§ **STORED DATA**
:::::
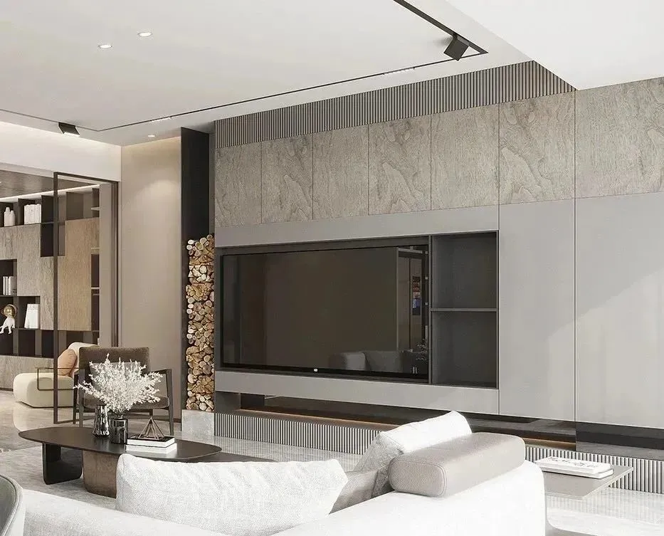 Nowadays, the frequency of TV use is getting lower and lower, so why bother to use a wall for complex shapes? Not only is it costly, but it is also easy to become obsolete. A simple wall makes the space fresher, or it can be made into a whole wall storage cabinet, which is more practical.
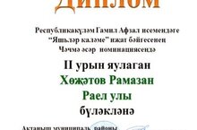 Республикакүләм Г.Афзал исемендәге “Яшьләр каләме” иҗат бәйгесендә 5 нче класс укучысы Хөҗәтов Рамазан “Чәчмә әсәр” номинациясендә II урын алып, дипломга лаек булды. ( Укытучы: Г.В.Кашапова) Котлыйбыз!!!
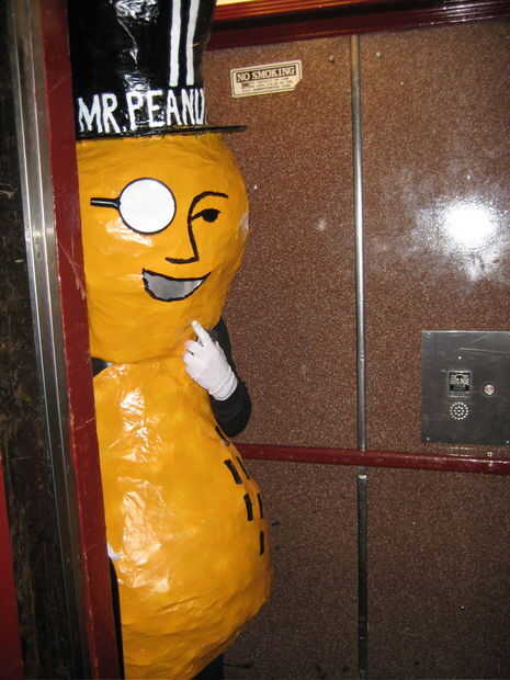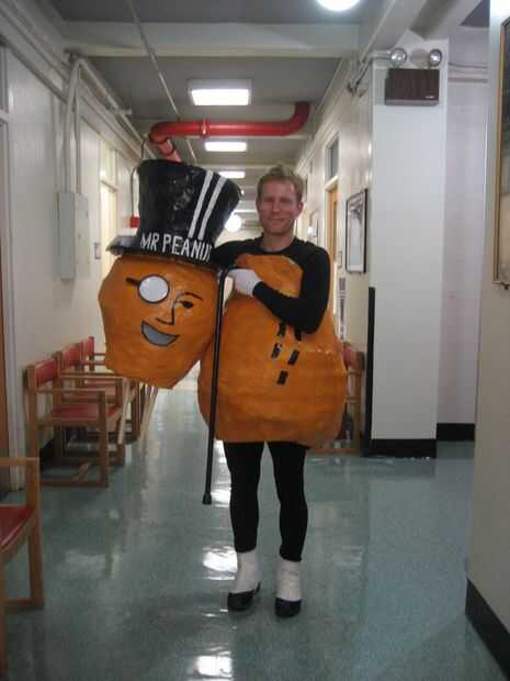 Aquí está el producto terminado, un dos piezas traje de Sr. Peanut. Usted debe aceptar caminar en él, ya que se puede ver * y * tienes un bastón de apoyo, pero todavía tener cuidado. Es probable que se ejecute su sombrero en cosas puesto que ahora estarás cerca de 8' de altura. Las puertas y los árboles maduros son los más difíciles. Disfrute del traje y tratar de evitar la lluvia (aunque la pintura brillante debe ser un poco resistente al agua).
:::::
Reprint all the data above verbatim, excluding pictures.

 Nowadays, the frequency of TV use is getting lower and lower, so why bother to use a wall for complex shapes? Not only is it costly, but it is also easy to become obsolete. A simple wall makes the space fresher, or it can be made into a whole wall storage cabinet, which is more practical.
 Республикакүләм Г.Афзал исемендәге “Яшьләр каләме” иҗат бәйгесендә 5 нче класс укучысы Хөҗәтов Рамазан “Чәчмә әсәр” номинациясендә II урын алып, дипломга лаек булды. ( Укытучы: Г.В.Кашапова) Котлыйбыз!!!
 Aquí está el producto terminado, un dos piezas traje de Sr. Peanut. Usted debe aceptar caminar en él, ya que se puede ver * y * tienes un bastón de apoyo, pero todavía tener cuidado. Es probable que se ejecute su sombrero en cosas puesto que ahora estarás cerca de 8' de altura. Las puertas y los árboles maduros son los más difíciles. Disfrute del traje y tratar de evitar la lluvia (aunque la pintura brillante debe ser un poco resistente al agua).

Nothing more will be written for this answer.